Published Summary: Neanderthal genomes have been recovered from sites across Eurasia, painting an increasingly complex picture of their populations’ structure that mostly indicates that late European Neanderthals belonged to a single metapopulation with no significant evidence of population structure. Here, we report the discovery of a late Neanderthal individual, nicknamed “Thorin,” from Grotte Mandrin in Mediterranean France, and his genome. These dentognathic fossils, including a rare example of distomolars, are associated with a rich archeological record of Neanderthal final technological traditions in this region ∼50–42 thousand years ago. Thorin’s genome reveals a relatively early divergence of ∼105 ka with other late Neanderthals. Thorin belonged to a population with a small group size that showed no genetic introgression with other known late European Neanderthals, revealing some 50 ka of genetic isolation of his lineage despite them living in neighboring regions. These results have important implications for resolving competing hypotheses about causes of the disappearance of the Neanderthals.

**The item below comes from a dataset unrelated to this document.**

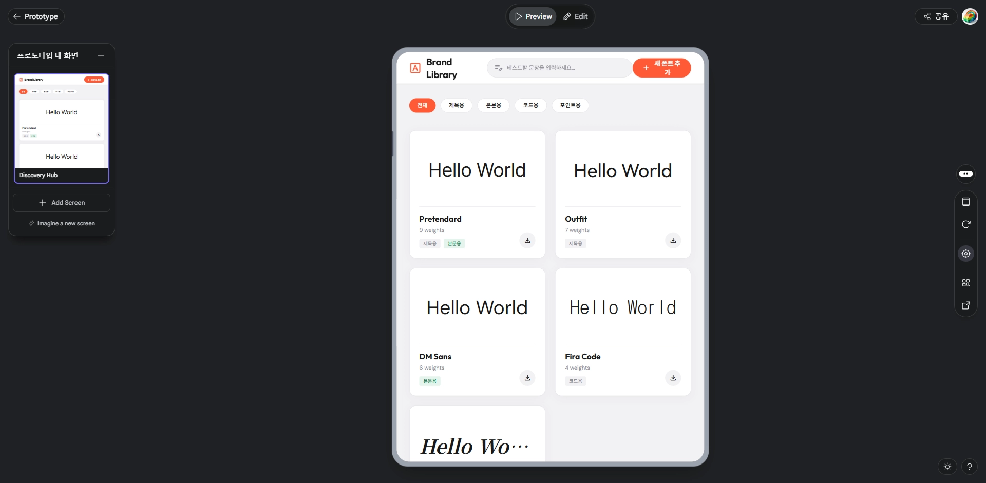프로토타입 미리보기 창에서도 화면 수정, 새로운 화면 만들기 등이 지원된다.

We’re painting with a very wide brush when we say neanderthal—the article I shared was about a distinct neanderthal genetic group that seems to have been isolated from other neanderthal groups for a long while with no contact (or at least no genetic mixing).
I kinda take issue with Live Science’s use of “extinct” in that article—from what I can tell from the research article the main takeaways are that neanderthals had 2-3% dna which was causing us to over-estimate their population size, and relatedly that rather than a population collapse, their extinction was due to slowly merging with another species (very cool btw). Along with other pre-hominids they are indeed extinct though.